振り返ると、小森くんは何故かもじもじと耳を赤らめて「えっとな……」と躊躇いがちに話し始める。
「明日、愛実のところお見舞い行くんやったら……僕も一緒に行ってええ?」
「へ?」
唐突すぎて呆気にとられると、たちまち彼はしゅんと眉を下げた。
「やっぱ迷惑やんな……女の子同士つもる話もあるやろうし」
「あ、いや! 全然私は構わないよ。先輩も気にしないと思うし」
私が慌ててそう言うと、小森くんは「ほんま!」と少女漫画のキャラクターみたいにキラキラと目を輝かせる。
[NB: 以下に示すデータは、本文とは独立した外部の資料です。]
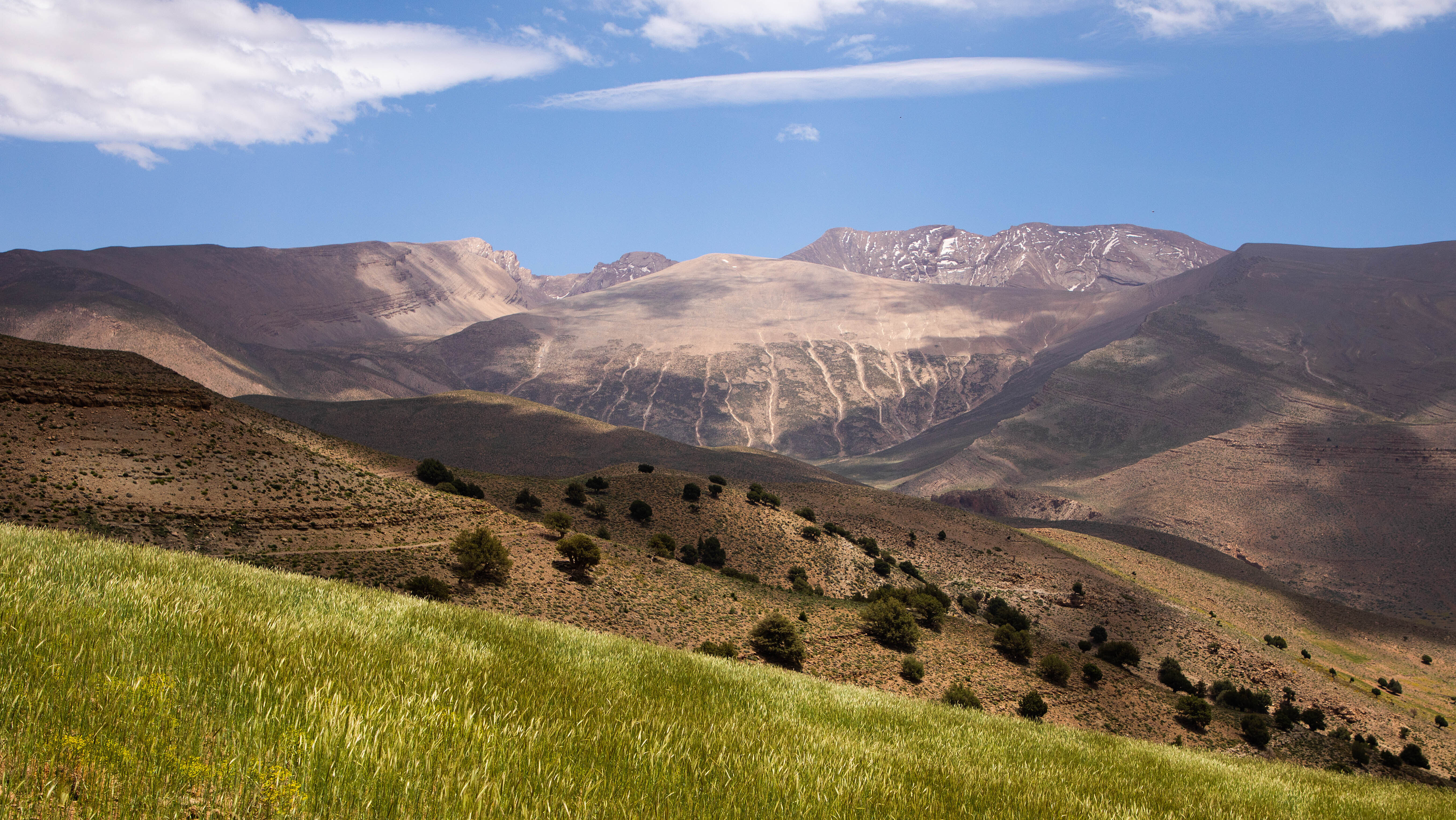 Nach der fakultativen Besteigung des MGouns steigen wir ab zu den fruchtbaren Feldern und Dörfern im Bougmez. Einem Balkon gleich bietet sich eine unvergleichliche Aussicht auf das Heimattal unseres Begleitteams, wo wir noch einmal die Gastfreundschaft der Berber geniessen.

「ありがとう。僕一人やったら絶対追い返されるし、助かるわ。愛実、強がりやからなぁ」
「あのさ、小森くん……」
私はずっと気になってたことを思いきって切り出した。
「愛実ちゃんのこと、名前で呼ぶんだね」
「!」
彼は焦げ茶色の瞳をみるみる丸くし、カァッと赤くなった。
「あ、そ、それは僕もむっちゃ小っ恥ずかしいんやけど、本人がそう呼んでくれ言うから、前からずっとそうしててぇ……」
「前からって、幼馴染なの?」
私はしどろもどろに言う彼に尋ねる。
「幼馴染って程でも無いなぁ。僕、中学ん時こっちに越してきて、お隣さんが愛実ん家やったんや」
照れ隠しなのか、彼は顔の割に大きすぎる丸眼鏡をいじりながら言う。
「ほら僕、訛ってるやろ? 転校初日からそらぁもうイジられて……『漫才してみろ』だの『面白いこと言え』だの。ほんで学校で喋るんが嫌になって、引き込もってしもうた時期があったんや。でもある日、間違ぉて届けられた僕ん家宛の手紙を愛実が届けに来てくれた時に、何で学校来ないんか聞かれて……ほんでビシッと言われたんや――『くっだらない』て」
あー……情景が目に浮かぶ。
彼女なら言いそうだ、それも吐き捨てるように。
「『関西弁の何がおかしいの? 堂々と喋んなよ、この根性なし!』ゆうて……ほんま目が覚めたわ。頑張って標準語に直そうとしてたんが馬鹿らしゅうなって――あ、あかん!」
彼はふと駅の時計を見て、我に帰ったように叫んだ。
「もうバス来てまう、またな本田さん!」
「え、あ、うん」
小走りに駆けていく小森くんの背中は、火を見るよりも明らかに愛実ちゃんへの想いを物語っていて……。
彼女が千明くんにゾッコンだと知る私は、ちくりと胸が痛かった。